How to deal with common injuries

Cramps

A cramp is an abrupt muscle spasm that can occur in one or multiple muscles, causing sudden and intense pain. While usually not serious, it’s common during sports, often triggered by dehydration from intense activity or loss of essential salts through excessive sweating. Taking regular breaks for hydration and rest can help prevent cramps

Multiple Cramp Treatment

Foot Cramp

  • Assist the affected person in putting weight on the front part of the affected foot while providing support.
  • Gently stretch the foot to alleviate the spasm, followed by a gentle massage to relieve pain.

Calf Muscle Cramp

  • Help the person straighten their leg and support the foot on the affected leg.
  • Flex the foot upwards with toes pointing towards the body, then massage to alleviate discomfort.

Cramp in the front or back of the thigh 

  • Guide the individual to lie down and rest.
  • For front thigh cramps, gently raise the affected leg and bend the knee to stretch the muscles.
  • For back thigh cramps, keep the affected leg straight.
  • Massage the leg after the spasms subside for relief.

Cuts & Grazes

In a wide range of sports, minor abrasions and cuts are likely the most frequent occurring injuries among the sportsmen. 

A “cut” is a visible break in the skin. A “graze” is when the skin’s outermost layer is removed by a rough surface, sometimes exposing tiny nerve endings. The most crucial tasks for a first aider in both situations are to clean the wound and prevent any infection.

Treatment to cuts & Grazes

The First Aider should instruct the casualty to apply pressure to bleeding wounds, elevate limbs if necessary, wear disposable gloves, clean the wound with water or antiseptic wipes, apply antiseptic gel, then cover with appropriate dressing for healing.

Additional medical guidance should be seeked if:

  • The cut is deep or has jagged edges
  • Foreign matter is present in the wound
  • The wound is on the casualty’s face
  • The wound is from a bite
  • The wound shows signs of infection or becomes painful.

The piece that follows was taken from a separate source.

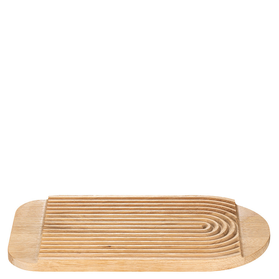 The Blomus Zen Cutting Board-Tray is a dual-purpose kitchen accessory crafted from high-quality untreated solid oak, boasting a sleek geometric design that will complement any kitchen decor. Designed by David Meier of Studiomeiid, the boards feature deep grooves on one side that effectively capture crumbs during cutting. Flip it over and the board turns into a sophisticated serving tray, complete with slim raised edges and convenient side handles for easy holding.

The following guidelines also apply, although medical advice should be sought as soon as possible for very deep cuts: 

  1. DO NOT wash a deep cut that extends beyond the surface area as this will encourage excessive bleeding.
  2. Try to close the wound before Emergency Services arrive by gently pushing the edges together and holding them in place with sterile adhesive strips or “butterfly bandages”
  3. If it is effective, apply a padded dressing and an antibacterial. 
  4. It is crucial to remember that major cuts require skilled stitching to prevent infection from developing within 6 to 8 hours. till then, keep a tight eye on things.

Sprains & Strains

Sprains and strains are fairly common during sporting activities due to the nature of the injury. A strain entails a direct injury to a muscle or the tissue that connects a muscle to a bone (tendons), whereas a sprain happens when the tissue that joins bones (ligaments) is damaged. They always happen when you overstretch your delicate tissues after intense exercise and they get bruised or torn.

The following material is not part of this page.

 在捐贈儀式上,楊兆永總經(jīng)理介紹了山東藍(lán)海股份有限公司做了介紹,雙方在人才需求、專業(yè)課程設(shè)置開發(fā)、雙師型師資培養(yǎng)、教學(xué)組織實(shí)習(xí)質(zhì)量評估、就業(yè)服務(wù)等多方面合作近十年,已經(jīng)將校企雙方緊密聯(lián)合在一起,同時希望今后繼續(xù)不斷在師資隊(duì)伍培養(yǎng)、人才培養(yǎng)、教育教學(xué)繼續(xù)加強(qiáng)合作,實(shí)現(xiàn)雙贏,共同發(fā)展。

Symptoms shown may include;

  • Incapacity to support weight on the leg; 
  • Extreme “puffiness” or swelling of the joint; 
  • Severe bruises or red skin; 
  • Leg weakness; 
  • Persistent throbbing pain in the limb

Treatment
The First Aider should use the RICE procedure (Rest, Ice, Comfortable, Elevate)

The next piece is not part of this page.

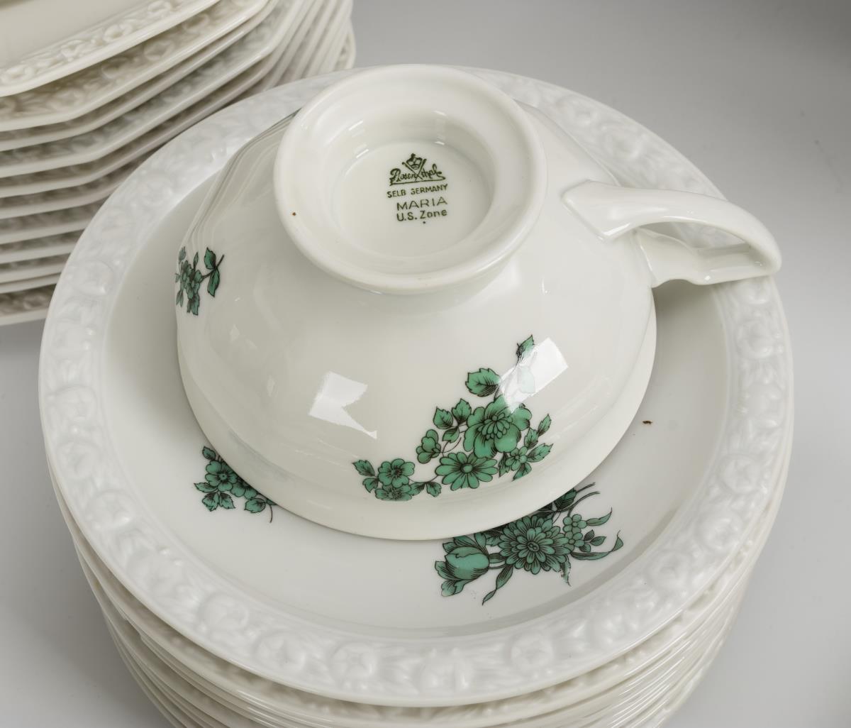 38 Teile. Kaffeekanne (H 25 cm), Milchkännchen, Zuckerdose, 10 Tassen, 12 Untertassen, 12 Frühstücksteller und 1 Kuchenteller. Bestoßung an 2 Untertassenrändern, 1 Untertasse und 1 Tasse mit Haarriss.

  • Assist the victim to rest and support their wounded limb.
  • To lessen discomfort and swelling, cool the wounded region with an ice pack or cold pad.
  • To avoid uncomfortable movement, the wounded limb should be dressed and bandaged to make it comfortable.
  • Elevate the damaged limb high and provide support. Regularly check the circulation and, if necessary, apply additional dressing.

If the pain becomes too intense, or the casualty remains unable to make use of the limb, then professional medical assistance should be immediately sought.

Splinters & Blisters

Outdoor sports activities are typically the source of splinters and blisters, which are more troublesome and painful than serious injuries. However, similar to cuts and grazes, they still require care and cleaning to prevent infection.

A splinter is caused by a piece of material that gets embedded in the skin; it doesn’t have to be wood. A blister will occur on the skin where friction is constant, usually from loose-fitting clothes or footwear—a blister may form and a pocket of protecting fluid will accumulate. The skin will expand and itch continuously, making both wounds visible.

Treatment 

The primary concerns in both situations are hygiene and safety::

  • Wash and dry the affected area while using disposable gloves.
  • Use tweezers to remove the splinter; or
  • Apply a sterile bandage or dressing to the blister.
  • Keep an eye on infections

Considerations:

-If a splinter cannot be removed, it should be referred to a medical professional

-The blister should never purposefully burst, as this may result in the cause/spread of infected material. If it does burst, the wound needs to be cleansed and re-dressed.

Puncture Wounds

A puncture wound happens when a victim’s skin is punctured by a sharp object. This usually occurs when an athlete trips over a sharp object, runs into machinery, or encounters dangerous conditions while participating in sports. 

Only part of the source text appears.